In the presented data update, 29 recipients of allo-HCT that progressed to steroid-dependent or steroid refractory aGvHD (22, classical aGvHD; 2, late-onset aGvHD; 5, aGvHD with overlap syndrome) and had failed 1 to 5 lines (median: 3) of systemic treatments were evaluated after treatment with MaaT013. Each patient received a median of three doses of MaaT013 (range, 1-3) and treatment-based responses were observed seven days after each administration and 28 days after administration of the first dose. Nine patients achieved a complete response (CR), 6 a very good partial response (VGPR), and 2 a partial response (PR) at day 28. All 9 patients with a complete response were still alive at the last follow-up (median FU: 444 days (197-654)), suggesting an extended survival in comparison to historic cohorts. In addition, these patients were able to taper or stop steroids as well as immunosuppressants. Notably, 15 patients were still alive at last follow-up (median FU: 313 days (28-654)) and the 6-month and 12-month overall survival were 52% and 46%, respectively. Overall, the data revealed that restoring the microbiome with a full-ecosystem microbiota restoration biotherapeutic provided a positive impact for a majority of the patients and the safety of MaaT013 was satisfactory for all patients.

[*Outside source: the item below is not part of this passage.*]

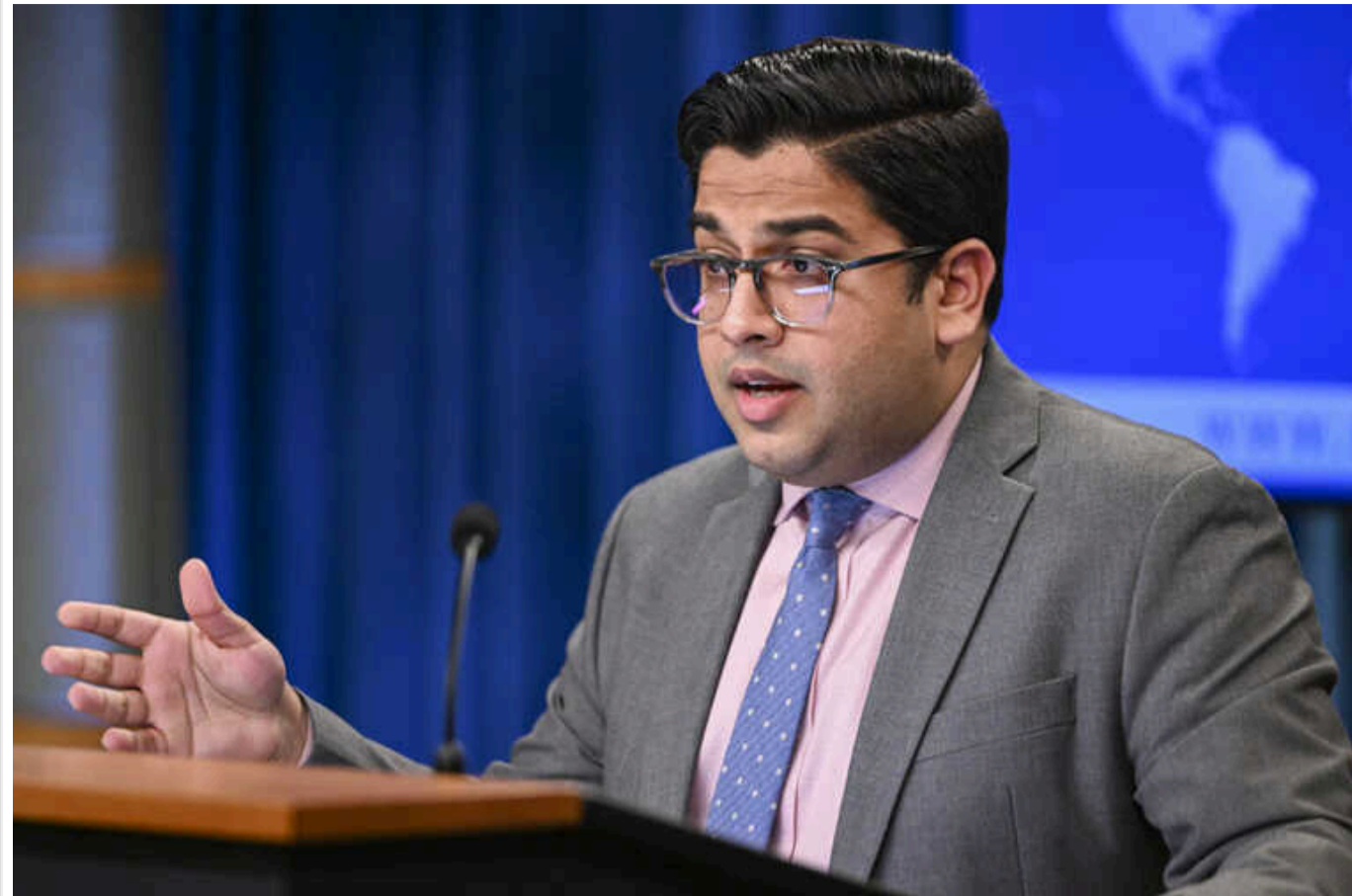
США вкотре заперечили причетність до планування операції ЗСУ в Курській області

"These additional positive data from the compassionate use program further support the potential of MaaT Pharma’s products, targeting restoration of a functional gut to treat severe and life-threatening diseases," said John Weinberg, MD, Chief Medical Officer of MaaT Pharma. "Seeing the clinical benefit of MaaT013 together with its continued tolerability profile, we believe that our approach can truly make a difference for aGvHD patients. Additionally, we expect the readout from HERACLES, our fully enrolled Phase 2 trial of MaaT013 in steroid-refractory, GI-predominant aGvHD patients, early next year. This will provide a more complete picture of the potential of our product across clinical settings."

About MaaT013

MaaT013 is a full-ecosystem, off-the-shelf, standardized, pooled-donor, high-richness microbiome biotherapeutic in enema formulation. The product has a stability of up to 24 months and is characterized by a high diversity and consistent richness of microbial species. MaaT013 has been granted Orphan Drug Designation by the US Food and Drug Administration (FDA) and the European Medicines Agency (EMA). MaaT013 is currently being investigated in a Phase 2 clinical trial (NCT03359980) to evaluate its safety and efficacy in steroid-refractory, GI aGvHD patients.